Nesse contexto, a tragédia surge como “a criação de arte mais característica da democracia ateniense, e em nenhuma outra forma de arte se discernem, tão direta e tão claramente como nela , os conflitos internos da sua estrutura social; seus aspectos externos eram democráticos, mas o seu conteúdo era aristocrático” (A. Hauser). Nas tragédias, enfatizam-se os atos elevados, próprios dos heróis, “cuja sobre-humanidade reside em sua proximidade dos Deuses maior que a suportável para os mortais” (J. Torrano). Mas para a pólis, as ações dos heróis são geralmente excessivas e transgressoras (eles possuem uma falha trágica, uma harmatia). Os cidadãos (os espectadores, que são a personificação da pólis) são representados pelo coro e através da empatia colocam-se no lugar do herói trágico, permitindo que este o conduza através de suas experiências - “o espectador sente como se estivesse atuando ele mesmo, goza os prazeres e sofre as dores do personagem, ao extremo de pensar seus pensamentos” (A. Boal). A função da tragédia é a de corrigir as ações do homem, do cidadão, purgando-lhe da mente o medo,  o terror e paixões afins (harmatias) através da catarse, quando o espectador é aterrorizado pelo espetáculo da catástrofe (portanto, não se admite happy end); neste momento o cidadão se purifica da característica anti-social que reconhece possuir e que é contra a lei, contra a cidade (o Estado). Sófocles e Ésquilo escolhem sem hesitar esse esquema aristotélico de tragédia, descrito na Poética. Ambos estavam comprometidos com a nobreza e com a aristocracia, que financiavam as peças: “Ésquilo, em Orestes, apresenta como exemplo aterrador o egoísmo; Sófocles, na sua Antígona, abraça a causa da heroína contra o Estado democrático e, em Filocteto, manifesta uma frígida antipatia pela fantasia burguesa e sem escrúpulos” (A. Hauser).

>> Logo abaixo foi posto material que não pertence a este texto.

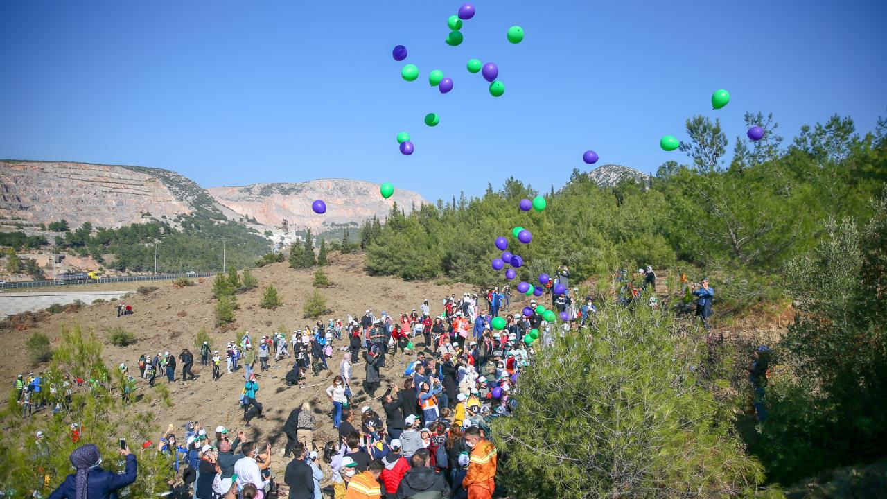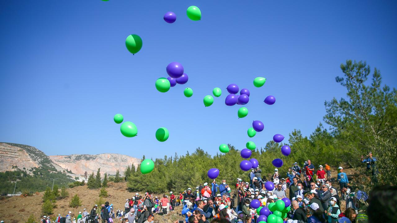 Bornova Kaymakamı Fatih Genel, Orman İşletme Müdürü Ersen Çetin ve diğer yetkililerin de katıldığı etkinlikte, gökyüzüne balonlar bırakıldı.

Porém, na geração de Péricles,  como nos diz Tucídides, há uma transformação dos valores vigentes, em que a reflexão é sinônimo de fraqueza e a loucura é vista como virilidade. Essa decomposição externa da sociedade era o reflexo do detrimento interior do Homem em face de uma complexificação da vida. Pela primeira vez surgia um movimento que procurava dar liberdade a todos os indivíduos, de todas as classes. Começa a nascer uma burguesia urbana, comprometida com uma nova poesia, influenciada pela retórica sofística e impregnada dos problemas da época, em que se chocavam forças contraditórias. Quando se chega ao século IV, todos os ramos da arte encontram-se influenciados de alguma forma pelas idéias sofistas, com suas críticas dos dogmas, mitos, tradições e convenções.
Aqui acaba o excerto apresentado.